- _Exercise brief_
Restate the full listing word for word and leave the pictures out.

___ Data provided ___

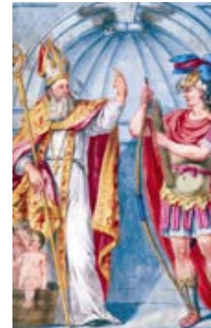
Sint-Niklaas en Sint-Sebastiaan, patronen van schuttersgilde onder: Gegezelde Christus (1630)

Het zuidelijke kruiskoor is bestemd voor de vrije handbooggilde van Sint-Nicolaas en Sint-Sebastiaan, die in 1526 bij octrooi van keizer Karel V gesticht is. Het noordelijke kruiskoor wordt ter beschikking gesteld van de rederijkerskamer De Goudbloem.
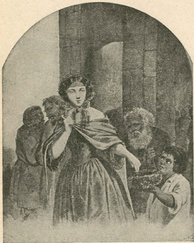
Д. Безперчий. Милостиня.
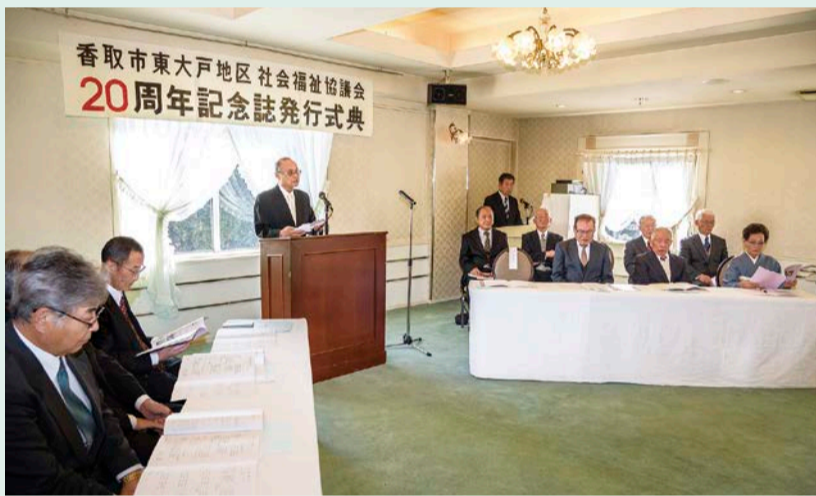
吉田会長からの挨拶
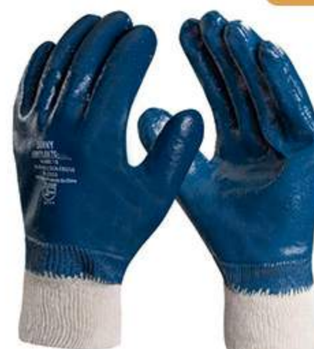
Luva Danny Lightflex Total CA 35441
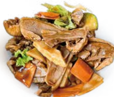
56 ANATRA CON VERDURA duck with vegetable
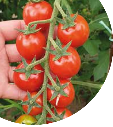
Prymello F 1
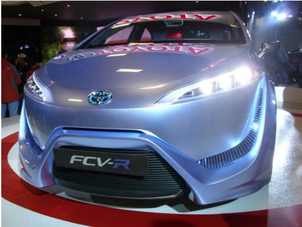
Toyota 概念車 FCV-R 同樣是在 2012 年東京車展 首度亮相的氫燃料電池車款
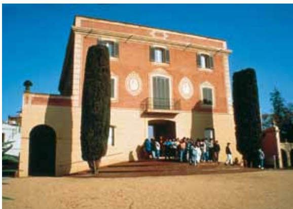
Museu de Gavà
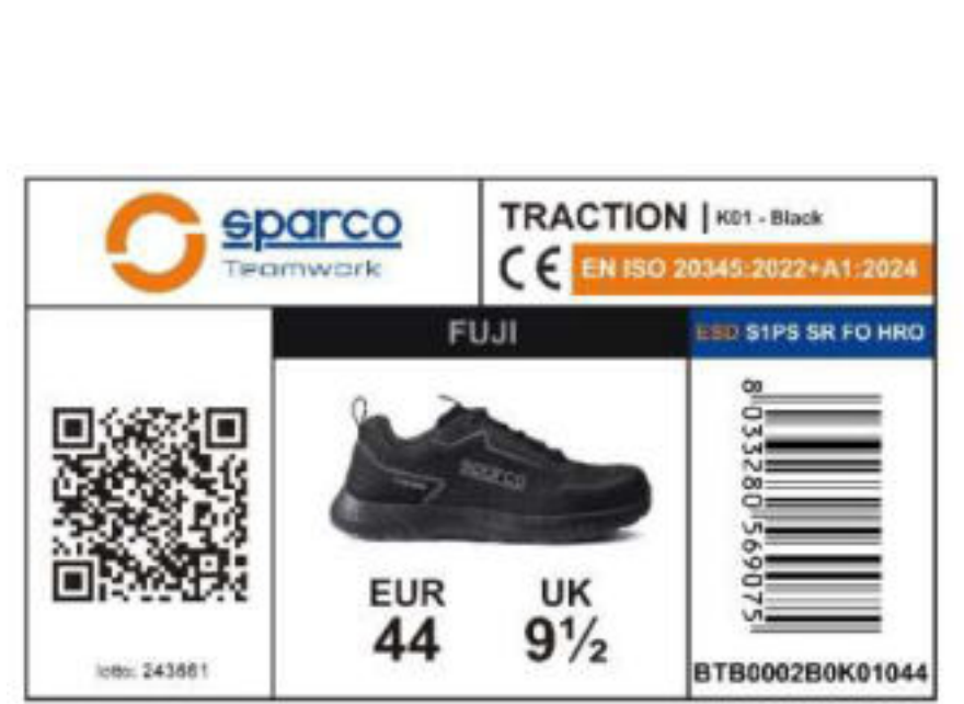
ZAPATERO SPARCO TEAMWORK BICOLOR en cartón Papel de seda interior azul-naranja y protector. Indicaciones de reciclaje válidas para ITALIA en la parte inferior (PAP20)
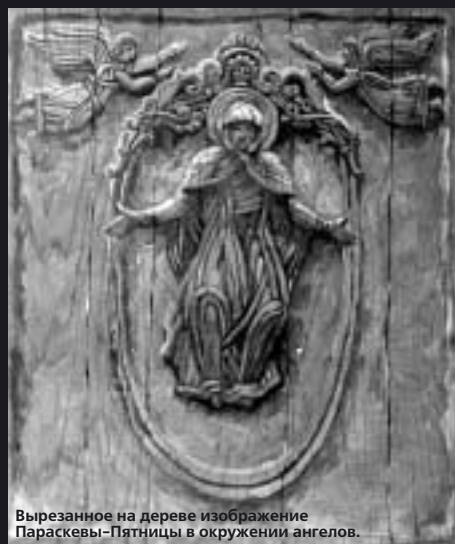
Вырезанное на дереве изображение Параскевы-Пятницы в окружении ангелов.

Параскева Пятница - заступница женщин. Имеет облик красивой девушки или молодой высокой худощавой женщины со светлыми, "лыняными" волосами. Таких женщин в некоторых областях России до сих пор называют "долговязая пятница". Она покровительствует браку и родам, потому часто в народных легендах предстает в виде повитухи. Ведает женской зимней работой, особенно всем, что связано с шитьем и вязанием. Пятницу же молят об удаче в делах, хорошей торговле. Места поклонения Пятнице связаны с водой, с местами, где были "явлены" ее иконы. Храмы ставят рядом с водоемом, или же обязательно роют колодец либо пруд. Целебным считается омовение водой из пятничных источников. Деньги, женские украшения, предметы одежды, а особенно пряжа, кудель или вычесанная овечья шерсть - вот что бросают в эти источники, в дар Пятнице. А еще считается, что Параскева-Пятница превращает в лягушек тех женщин, которые недостаточно ее почитают. Оттого и лягушки на земле пошли.
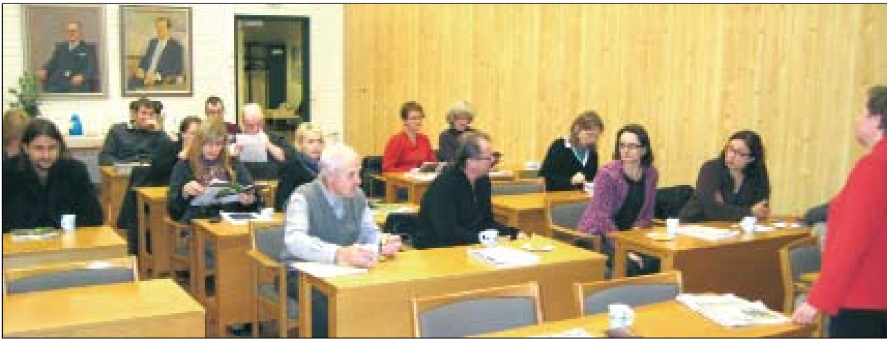
Kaupungin valtuustosali täyttymässä yleisöstä. Kahvin lomassa voitiin tutkia tilaisuudessa jaettavia esitteitä.
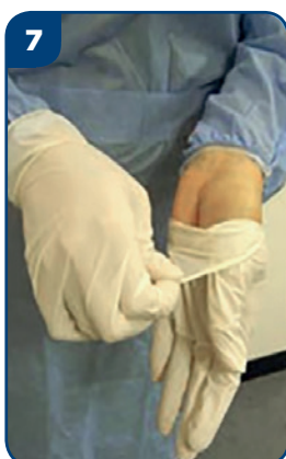
7 Dajte si dole rukavice
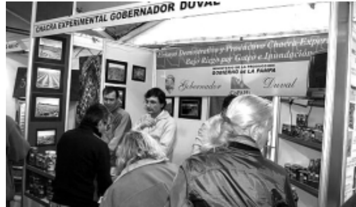
La Chacra Experimental de Gobernador Duval se hizo presente, divulgando su exitosa tarea agrícola en el Area Bajo Riego.
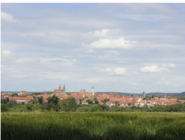
Rothenburg ob der Tauber
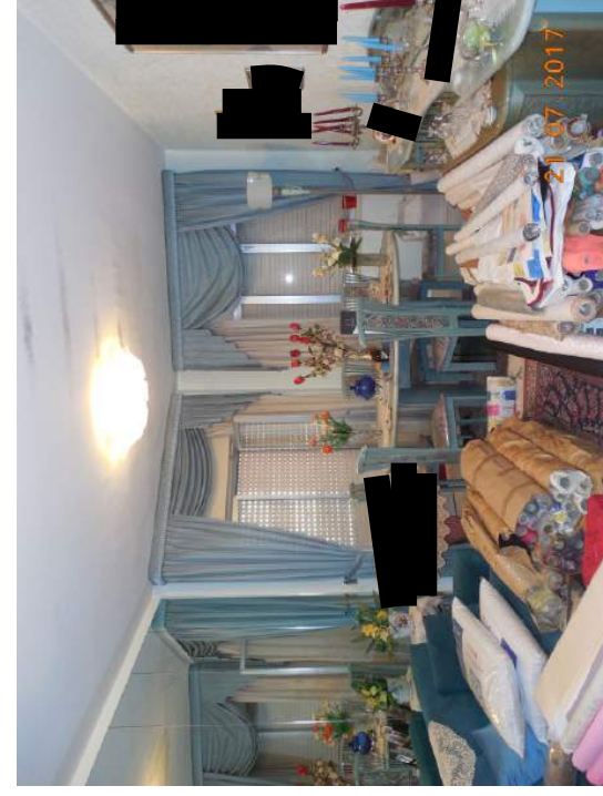
Figura 11. Salotto
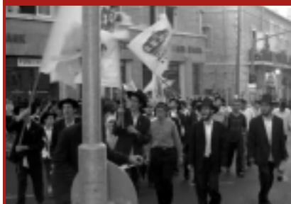
17 августа хасиды ХАБАДа проводят акцию в защиту жителей Газы. Тысячи хабданников во всем мире выйдут на улицы, чтобы как можно больше евреев выполнило заповедь возложения тфилин и прочитало молитву "Шма" - это проверенное средство против врагов.
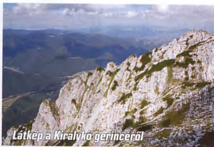
Látkép a Királykő gerincéről

Az útvonal természetesen ellenkező irányban is teljesíthető, ennek azonban határozott hátrányai vannak. A szorosokon átvezető hosszú gyaloglást követően a „beszállás” nehezebben azonosítható, ami idővesztést jelenthet. A gerinctúra végén, fáradtan, drótköteles szakaszon kell visszaereszkedni a menedékházhoz – és persze az sem mindegy, hol estelődik rá a túrázókra.
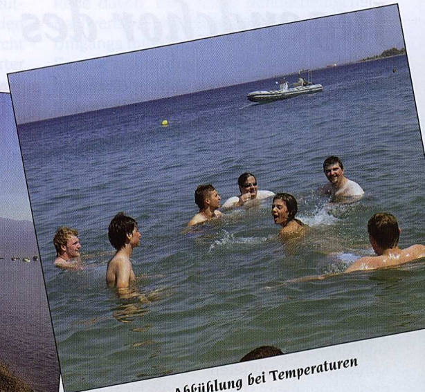
Willkommene Abkühlung bei Temperaturen über 30° Grad
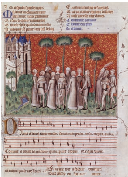
« Machaut retrouvant sa dame » Partition Guillaume de Machaut, enluminure Maître du Remède de Fortune, in Le Remède de Fortune, Paris, c. 1350-1355
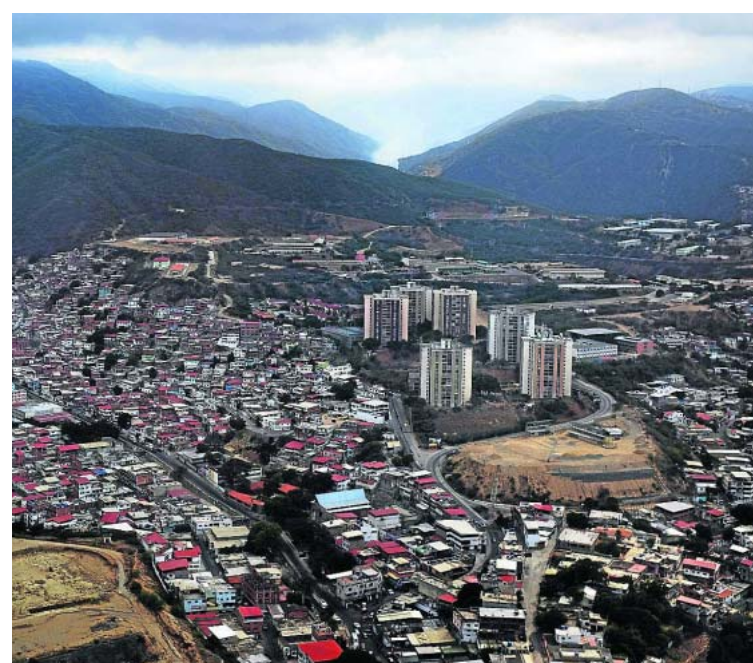
Venezuelan pohjoisosissa sijaitsevassa Caracasisa asuu yli kolme miljoonaa ihmistä.

luen riveistä kansanedustajaksi 27-vuotiaana. Sosiaaliministeriksi hän nousi liki puoli vuotta sitten, kun reformipuolue joutui vaihtamaan ministereitään vaalirahaskandaa-
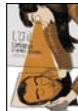
L'Œil lumineux (Actes Sud/l'An 2)
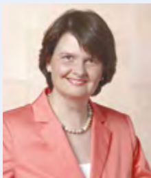
Maria Flachsbarth MdB, Präsidentin KDFB

als katholischer Frauenverband können wir bei unserem gesellschaftlichen, politischen und kirchlichen Engagement die Querschnittsaufgabe Gender Mainstreaming und die Kategorie Gender nicht ausklammern. Dieser Aufgabe haben sich schon unsere Gründerinnen und Vorgängerinnen gestellt, auch wenn sie es noch nicht so nannten. Das tun KDFB-Frauen heute, wenn sie geschlechtsbezogene Ungerechtigkeiten in Gesellschaft, Wirtschaft und Kirche erkennen und sich für Veränderungen einsetzen. Es gibt keine geschlechtsneutrale Wirklichkeit: Mädchen und Jungen lernen anders, Erwerbsbiographien, Arbeitslöhne und Renten von Frauen und Männern unterscheiden sich, Gesundheits- und Suchtprävention sind geschlechtsspezifisch wirksamer, ehren- und hauptamtliche Arbeit in Gesellschaft und Kirche werden in unterschiedlicher Weise von Frauen und Männern geleistet.
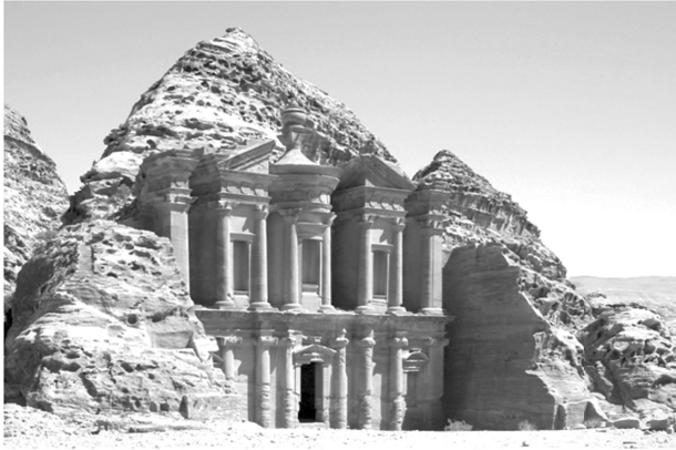
(Петра, столица Nabateu)
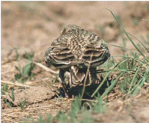
Mystery photograph IX (May)

web. Using these characters, the mystery bird can be safely identified as a Red-throated Pipit.
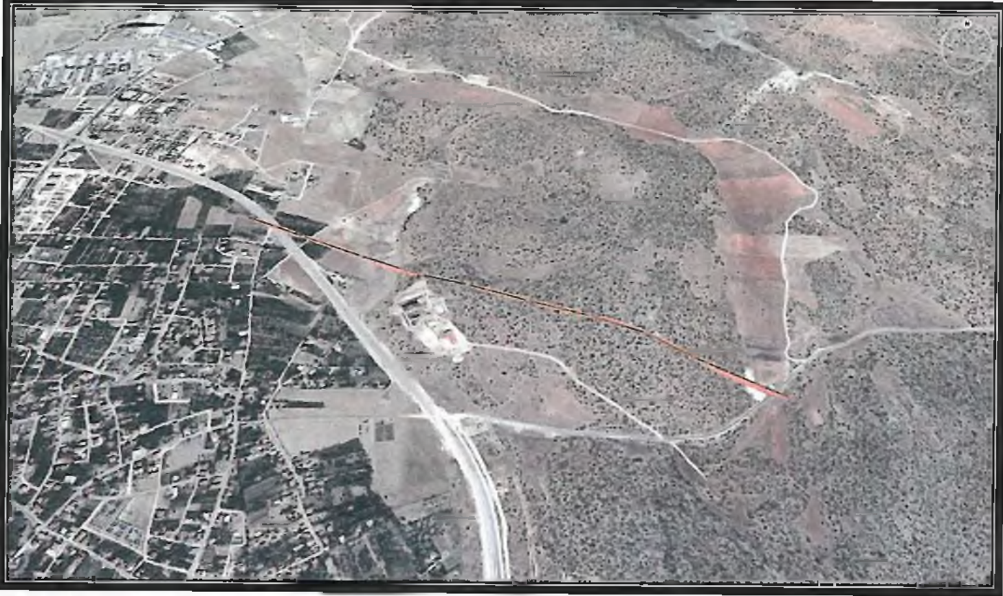
Şekil 1. Hava Fotoğrafi

1/5000 ölçekli Nazım İmar Plan Değişikliği önerisi Antalya İli, Korkuteli İlçesi, Küçükköy Mevkii sınırları içerisinde kalmakta olup bu bölgede yapılacak olan lisanslı elektrik üretim santrali için gerekli olan enerji nakil hattı ait güzergahında hazırlanmıştır. Bu güzergâh doğrultusunda söz konusu enerji nakil hattı Korkuteli İlçesi sınırları içerisinde mevcut planı bulunan alanın bir kısmından geçmektedir. Bu alan ise N24D20A imar plan paftasında yer almaktadır.
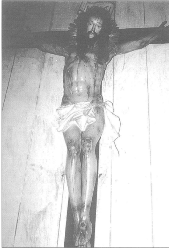
Crucifijo. Anónimo Mineiro del siglo XVIII. Museu Aleijadinho. Ouro Preto-Minas Gerais.

en el modelo iconográfico, contemplándose en crucificados canarios como los conservados en las iglesias de Nuestra Señora de Regla en Pájara (Fuerteventura) o Nuestra Señora de la Asunción en San Sebastián de La Gomera, ambos del siglo XVIII, los cuales tienen mucho que ver con la contención del dolor observado en las obras mineiras de la misma centuria, cuales son los cristos guardados en el Museo Aleijadinho de Ouro Preto, donde lo más importante no es que los fieles comprueben las torturas padecidas, sino el mensaje de salvación inherente al tema representado. Tal importancia tiene esta circunstancia devocional en Brasil que podríamos afirmar que el arte de aquel país prácticamente no conoció la estética de los crucificados del pleno Barroco en la Península Ibérica.
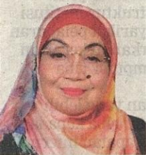
Dekan Fakulti Pendidikan Universiti Kebangsaan Malaysia

Satu hal yang perlu diakui, sistem pendidikan hari ini seharusnya didigitalkan selari dengan perkembangan dunia teknologi komunikasi ditambah pula dengan senario kehidupan semasa yang dihipit penularan pandemik COVID-19.
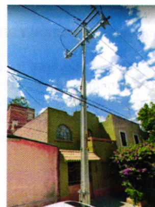
Imagen 2. Poste de luz actual.

___

- _Worked solution_
Sint-Niklaas en Sint-Sebastiaan, patronen van schuttersgilde onder: Gegezelde Christus (1630)

Het zuidelijke kruiskoor is bestemd voor de vrije handbooggilde van Sint-Nicolaas en Sint-Sebastiaan, die in 1526 bij octrooi van keizer Karel V gesticht is. Het noordelijke kruiskoor wordt ter beschikking gesteld van de rederijkerskamer De Goudbloem.
Д. Безперчий. Милостиня.
吉田会長からの挨拶
Luva Danny Lightflex Total CA 35441
56 ANATRA CON VERDURA duck with vegetable
Prymello F 1
Toyota 概念車 FCV-R 同樣是在 2012 年東京車展 首度亮相的氫燃料電池車款
Museu de Gavà
ZAPATERO SPARCO TEAMWORK BICOLOR en cartón Papel de seda interior azul-naranja y protector. Indicaciones de reciclaje válidas para ITALIA en la parte inferior (PAP20)
Вырезанное на дереве изображение Параскевы-Пятницы в окружении ангелов.

Параскева Пятница - заступница женщин. Имеет облик красивой девушки или молодой высокой худощавой женщины со светлыми, "лыняными" волосами. Таких женщин в некоторых областях России до сих пор называют "долговязая пятница". Она покровительствует браку и родам, потому часто в народных легендах предстает в виде повитухи. Ведает женской зимней работой, особенно всем, что связано с шитьем и вязанием. Пятницу же молят об удаче в делах, хорошей торговле. Места поклонения Пятнице связаны с водой, с местами, где были "явлены" ее иконы. Храмы ставят рядом с водоемом, или же обязательно роют колодец либо пруд. Целебным считается омовение водой из пятничных источников. Деньги, женские украшения, предметы одежды, а особенно пряжа, кудель или вычесанная овечья шерсть - вот что бросают в эти источники, в дар Пятнице. А еще считается, что Параскева-Пятница превращает в лягушек тех женщин, которые недостаточно ее почитают. Оттого и лягушки на земле пошли.
Kaupungin valtuustosali täyttymässä yleisöstä. Kahvin lomassa voitiin tutkia tilaisuudessa jaettavia esitteitä.
7 Dajte si dole rukavice
La Chacra Experimental de Gobernador Duval se hizo presente, divulgando su exitosa tarea agrícola en el Area Bajo Riego.
Rothenburg ob der Tauber
Figura 11. Salotto
17 августа хасиды ХАБАДа проводят акцию в защиту жителей Газы. Тысячи хабданников во всем мире выйдут на улицы, чтобы как можно больше евреев выполнило заповедь возложения тфилин и прочитало молитву "Шма" - это проверенное средство против врагов.
Látkép a Királykő gerincéről

Az útvonal természetesen ellenkező irányban is teljesíthető, ennek azonban határozott hátrányai vannak. A szorosokon átvezető hosszú gyaloglást követően a „beszállás” nehezebben azonosítható, ami idővesztést jelenthet. A gerinctúra végén, fáradtan, drótköteles szakaszon kell visszaereszkedni a menedékházhoz – és persze az sem mindegy, hol estelődik rá a túrázókra.
Willkommene Abkühlung bei Temperaturen über 30° Grad
« Machaut retrouvant sa dame » Partition Guillaume de Machaut, enluminure Maître du Remède de Fortune, in Le Remède de Fortune, Paris, c. 1350-1355
Venezuelan pohjoisosissa sijaitsevassa Caracasisa asuu yli kolme miljoonaa ihmistä.

luen riveistä kansanedustajaksi 27-vuotiaana. Sosiaaliministeriksi hän nousi liki puoli vuotta sitten, kun reformipuolue joutui vaihtamaan ministereitään vaalirahaskandaa-
L'Œil lumineux (Actes Sud/l'An 2)
Maria Flachsbarth MdB, Präsidentin KDFB

als katholischer Frauenverband können wir bei unserem gesellschaftlichen, politischen und kirchlichen Engagement die Querschnittsaufgabe Gender Mainstreaming und die Kategorie Gender nicht ausklammern. Dieser Aufgabe haben sich schon unsere Gründerinnen und Vorgängerinnen gestellt, auch wenn sie es noch nicht so nannten. Das tun KDFB-Frauen heute, wenn sie geschlechtsbezogene Ungerechtigkeiten in Gesellschaft, Wirtschaft und Kirche erkennen und sich für Veränderungen einsetzen. Es gibt keine geschlechtsneutrale Wirklichkeit: Mädchen und Jungen lernen anders, Erwerbsbiographien, Arbeitslöhne und Renten von Frauen und Männern unterscheiden sich, Gesundheits- und Suchtprävention sind geschlechtsspezifisch wirksamer, ehren- und hauptamtliche Arbeit in Gesellschaft und Kirche werden in unterschiedlicher Weise von Frauen und Männern geleistet.
(Петра, столица Nabateu)
Mystery photograph IX (May)

web. Using these characters, the mystery bird can be safely identified as a Red-throated Pipit.
Şekil 1. Hava Fotoğrafi

1/5000 ölçekli Nazım İmar Plan Değişikliği önerisi Antalya İli, Korkuteli İlçesi, Küçükköy Mevkii sınırları içerisinde kalmakta olup bu bölgede yapılacak olan lisanslı elektrik üretim santrali için gerekli olan enerji nakil hattı ait güzergahında hazırlanmıştır. Bu güzergâh doğrultusunda söz konusu enerji nakil hattı Korkuteli İlçesi sınırları içerisinde mevcut planı bulunan alanın bir kısmından geçmektedir. Bu alan ise N24D20A imar plan paftasında yer almaktadır.
Crucifijo. Anónimo Mineiro del siglo XVIII. Museu Aleijadinho. Ouro Preto-Minas Gerais.

en el modelo iconográfico, contemplándose en crucificados canarios como los conservados en las iglesias de Nuestra Señora de Regla en Pájara (Fuerteventura) o Nuestra Señora de la Asunción en San Sebastián de La Gomera, ambos del siglo XVIII, los cuales tienen mucho que ver con la contención del dolor observado en las obras mineiras de la misma centuria, cuales son los cristos guardados en el Museo Aleijadinho de Ouro Preto, donde lo más importante no es que los fieles comprueben las torturas padecidas, sino el mensaje de salvación inherente al tema representado. Tal importancia tiene esta circunstancia devocional en Brasil que podríamos afirmar que el arte de aquel país prácticamente no conoció la estética de los crucificados del pleno Barroco en la Península Ibérica.
Dekan Fakulti Pendidikan Universiti Kebangsaan Malaysia

Satu hal yang perlu diakui, sistem pendidikan hari ini seharusnya didigitalkan selari dengan perkembangan dunia teknologi komunikasi ditambah pula dengan senario kehidupan semasa yang dihipit penularan pandemik COVID-19.
Imagen 2. Poste de luz actual.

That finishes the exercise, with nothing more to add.